Matrices in R

This section provides details on the construction and manipulation of these objects, including matrix facilities that are different from typical element-wise operations.

Matrices

Matrix multiplication

The operator %*% is used for matrix multiplication. An n by 1 or 1 by n matrix may of course be used as an n-vector if in the context such is appropriate. Conversely, vectors which occur in matrix multiplication expressions are automatically promoted either to row or column vectors, whichever is multiplicatively coherent, if possible, (although this is not always unambiguously possible, as we see later).

If, for example, A and B are square matrices of the same size, then

> A * B

is the matrix of element by element products and

> A %*% B

is the matrix product. If x is a vector, then

> x %*% A %*% x

is a quadratic form.

The function crossprod() forms "crossproducts", meaning that crossprod(X, y) is the same as t(X) %*% y but the operation is more efficient. If the second argument to crossprod() is omitted it is taken to be the same as the first.

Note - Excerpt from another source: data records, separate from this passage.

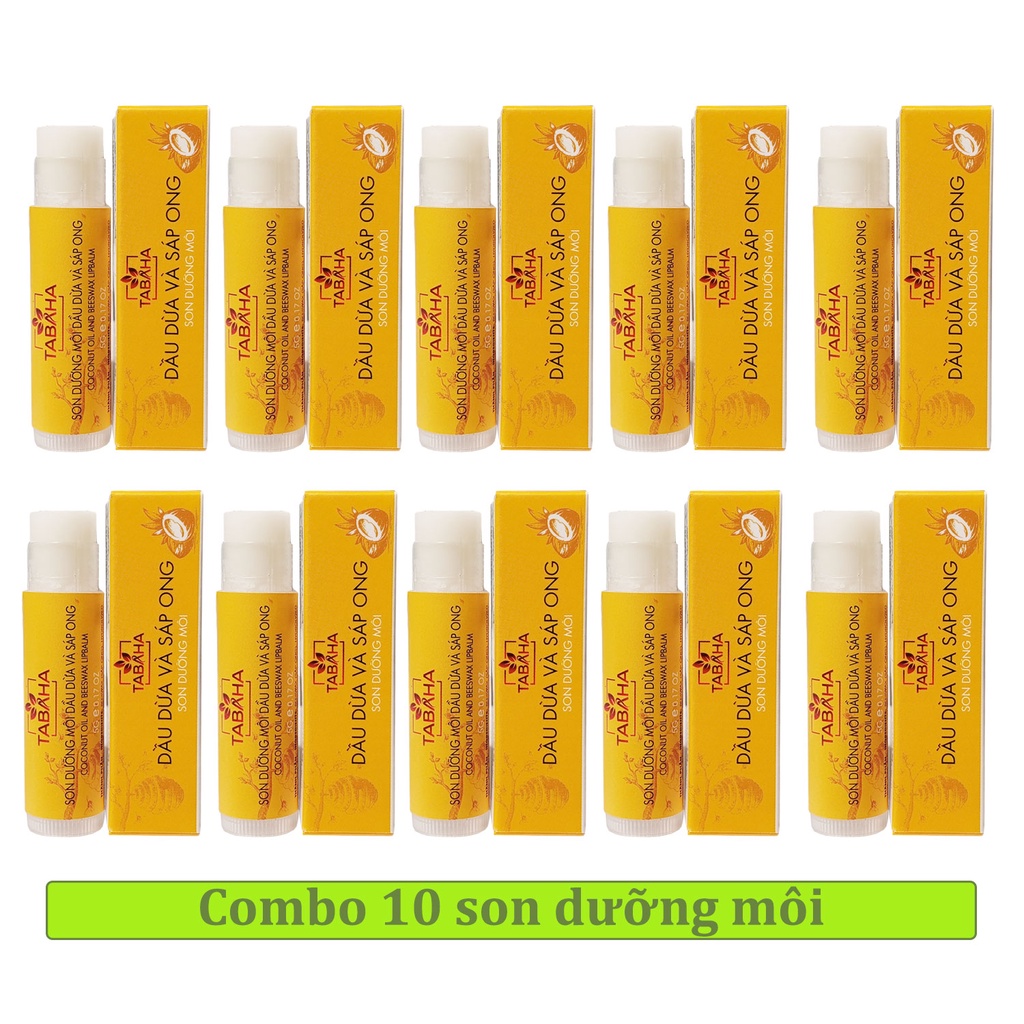 Giới thiệu Bộ 10 cây son dưỡng dầu dừa sáp ong tabaha 5g tiết kiệm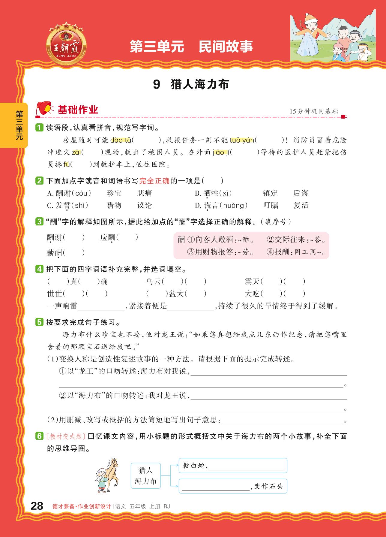 2024秋上册五年级语文人教版 第三单元 民间故事——9. 猎人海力布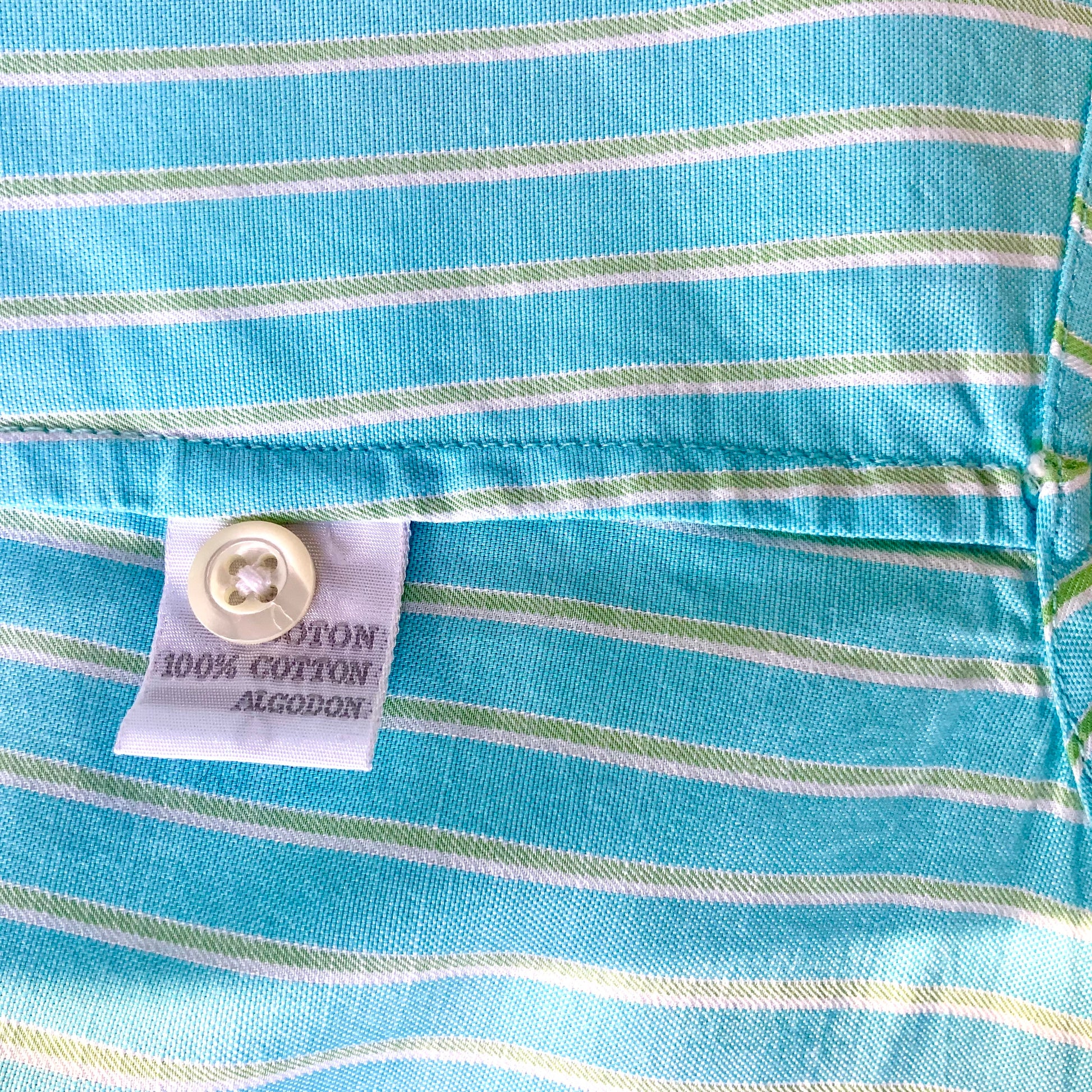 L’intérieur du col et des poignets sont en opposition , rayures turquoises et vertes sur fond blanc.

The meaning of diag() depends on its argument. diag(v), where v is a vector, gives a diagonal matrix with elements of the vector as the diagonal entries. On the other hand diag(M), where M is a matrix, gives the vector of main diagonal entries of M. This is the same convention as that used for diag() in MATLAB. Also, somewhat confusingly, if k is a single numeric value then diag(k) is the k by k identity matrix!